# Entries taken from a collection
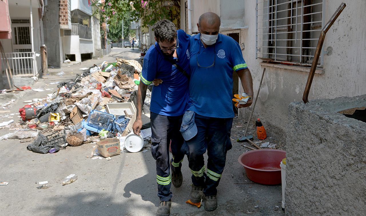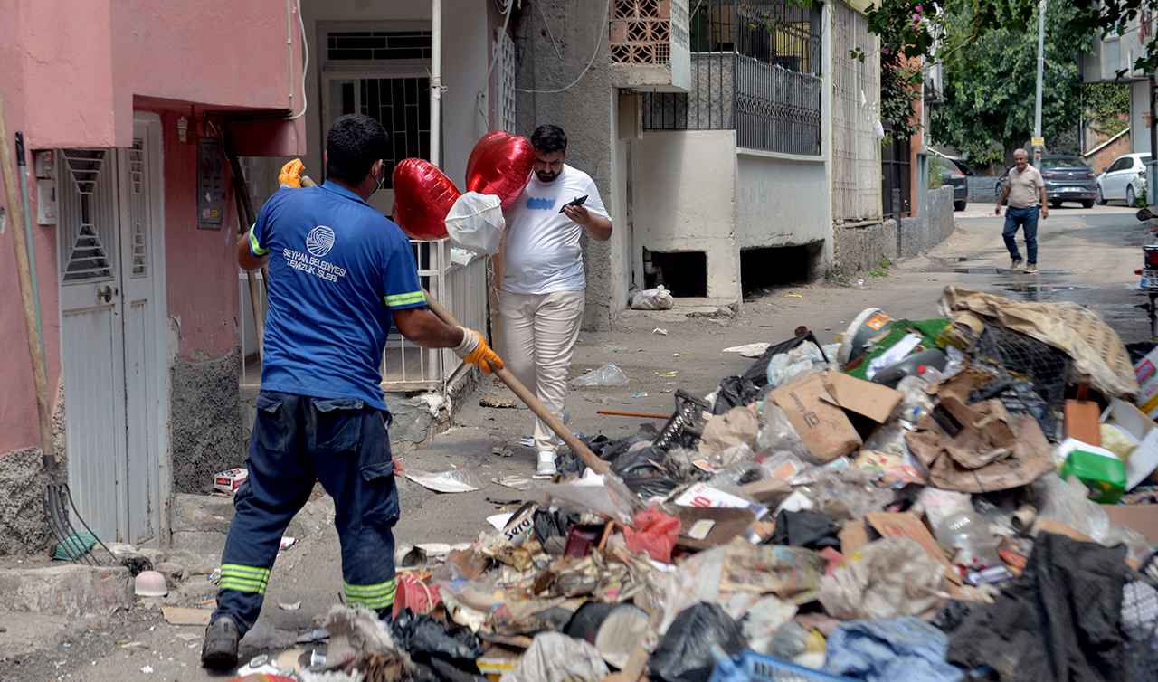 Durumun bildirilmesiyle Seyhan Belediyesi Temizlik İşleri Müdürlüğü ekipleri, temizlik çalışması başlattı. Evin damından, penceresinden ve kapısından çıkarılan atıklar, kamyonetlere yüklenip, kent çöplüğüne taşındı. Temizlik çalışması sırasında işçilerden biri, kokudan etkilenip, fenalaştı. Başı dönen ve titrediği görülen işçi, arkadaşlarının yardımıyla evin dışına çıkarıldı. Temiz hava alıp, elini ve yüzünü yıkayan işçiye çağırılan ambulansta müdahale edildi. Ekipler, temizlik çalışmasının ardından böceklerin sardığı evi ilaçladı. Evden 8 kamyonet çöp çıkarıldığı belirtildi.
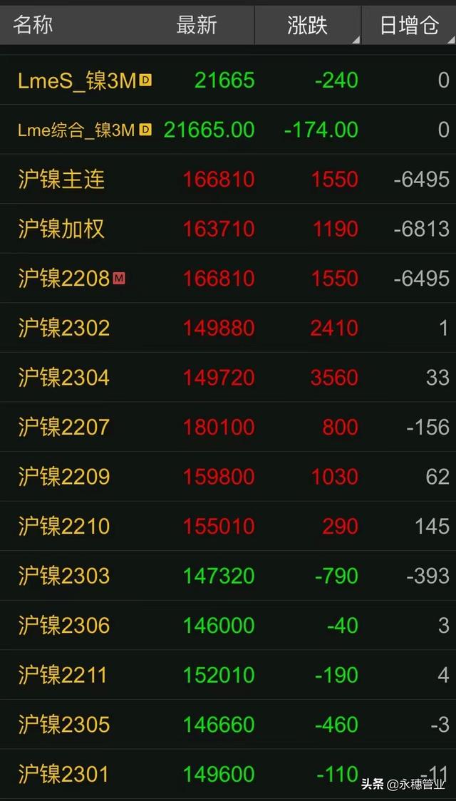 伦镍当前下跌200多美元;沪镍早间上涨午后震荡
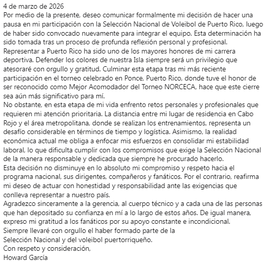 Superior Masculino, Howard García, anunció que tomará
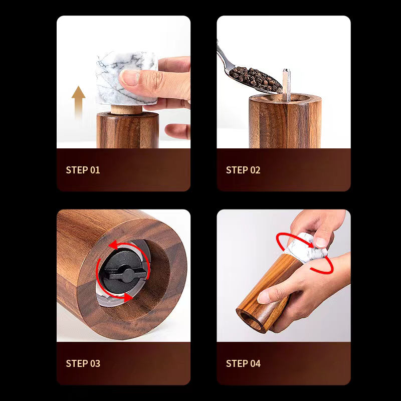 Key Attributes Model Number:SPG072 Number of Pieces: 2pcs Mills Type:Salt & Pepper Mills Material:Acacia Wood Operation Mode:Rotary Knob Care Instructions:Hand Wash Only Use Way:Manual Packaging: Gift box or as client's requirement Logo: Accept Customized logo Brand Name: Koey OEM/ODM: Highly Welcomed Sample Time: 5-7days FOB Port:Shenzhen/Guangzhou
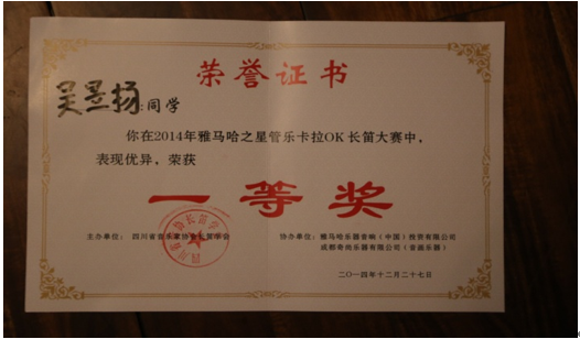 2014年12月27日星期六,我校2017级1导师班学生吴昱杨同学参加2014年雅马哈管乐之星卡拉OK长笛大赛四川赛区的比赛,以一曲莫扎特的长笛协奏曲获得第一名的成绩。

# WHAT IS REQUIRED
Set down word for word the lines from the opening of the entries above through the line that contains "Superior Masculino, Howard", and omit every picture.

# REPLY
 Durumun bildirilmesiyle Seyhan Belediyesi Temizlik İşleri Müdürlüğü ekipleri, temizlik çalışması başlattı. Evin damından, penceresinden ve kapısından çıkarılan atıklar, kamyonetlere yüklenip, kent çöplüğüne taşındı. Temizlik çalışması sırasında işçilerden biri, kokudan etkilenip, fenalaştı. Başı dönen ve titrediği görülen işçi, arkadaşlarının yardımıyla evin dışına çıkarıldı. Temiz hava alıp, elini ve yüzünü yıkayan işçiye çağırılan ambulansta müdahale edildi. Ekipler, temizlik çalışmasının ardından böceklerin sardığı evi ilaçladı. Evden 8 kamyonet çöp çıkarıldığı belirtildi.
 伦镍当前下跌200多美元;沪镍早间上涨午后震荡
 Superior Masculino, Howard García, anunció que tomará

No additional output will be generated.